Department of Chemistry, University of Cambridge, Lensfield Road, Cambridge, CB2 1EW, UK.
Paulson School of Engineering and Applied Sciences, Harvard University, Cambridge, MA, 02138, USA.
Sci Rep. 2017 Sep 25;7(1):12295. doi: 10.1038/s41598-017-12528-8.

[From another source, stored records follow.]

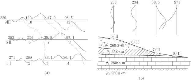 1、2、…、12—测点编号;Ⅰ、Ⅱ、Ⅲ—测线编号;253、234…—电测深曲线的首部电阻率值,Ω·m
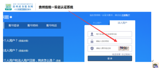2.頁面跳轉(zhuǎn)到“貴州政務(wù)服務(wù)網(wǎng)”在登錄頁面輸入企業(yè)的用戶名和密碼。如圖示:
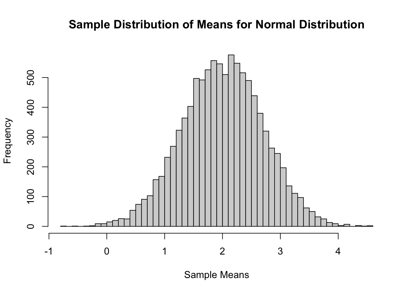 sample.size <-50simulation.size <-10000X1 <-matrix(data=rnorm(n=(sample.size*simulation.size), mean=2, sd=5), nrow=simulation.size, ncol=sample.size, byrow=TRUE)X2 <-matrix(data=runif(n=(sample.size*simulation.size), min=5, max=105), nrow=simulation.size, ncol=sample.size, byrow=TRUE)X3 <-matrix(data=(rexp(n=(sample.size*simulation.size)) +3), nrow=simulation.size, ncol=sample.size, byrow=TRUE)Mean.X1 <-apply(X1,1,mean)Mean.X2 <-apply(X2,1,mean)Mean.X3 <-apply(X3,1,mean)hist(Mean.X1, breaks=50, main='Sample Distribution of Means for Normal Distribution', xlab='Sample Means')
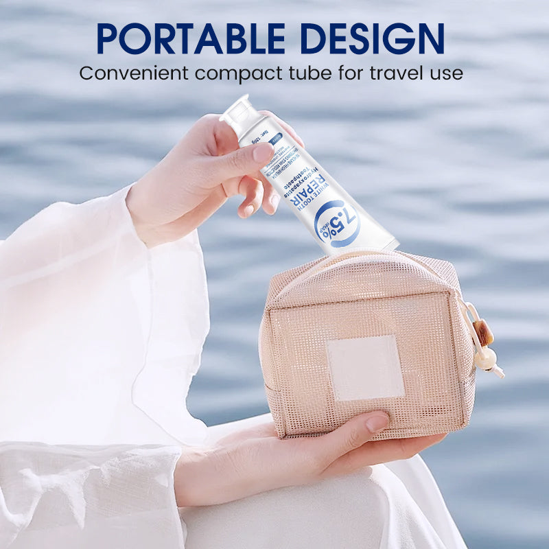 Dank des schlanken und sicheren Tubendesigns lĂ€sst sich das Produkt leicht fĂŒr Reisen einpacken oder in der Tasche mitnehmen, sodass Sie Ihre Mundpflegeroutine ĂŒberall fortsetzen können.

Many biological and synthetic systems exploit self-assembly to generate highly intricate closed supramolecular architectures, ranging from self-assembling cages to viral capsids. The fundamental design principles that control the structural determinants of the resulting assemblies are increasingly well-understood, but much less is known about the kinetics of such assembly phenomena and it remains a key challenge to elucidate how these systems can be engineered to assemble in an efficient manner and avoid kinetic trapping. We show here that simple scaling laws emerge from a set of kinetic equations describing the self-assembly of identical building blocks into closed supramolecular structures and that this scaling behavior provides general rules that determine efficient assembly in these systems. Using this framework, we uncover the existence of a narrow range of parameter space that supports efficient self-assembly and reveal that nature capitalizes on this behavior to direct the reliable assembly of viral capsids on biologically relevant timescales.
许多生物和合成系统利用自组装来生成高度复杂的封闭超分子结构,范围从自组装笼到病毒衣壳。控制组装结构的基本设计原则越来越被理解,但对于这些组装现象的动力学了解甚少,阐明这些系统如何能够以有效的方式组装并避免动力学捕获仍然是一个关键挑战。我们在这里表明,一组描述相同构建块自组装成封闭超分子结构的动力学方程产生了简单的标度律,这种标度行为提供了确定这些系统中有效组装的一般规则。使用这个框架,我们揭示了在支持有效自组装的参数空间的狭窄范围内存在,并表明自然界利用这种行为来指导病毒衣壳在生物相关时间尺度上的可靠组装。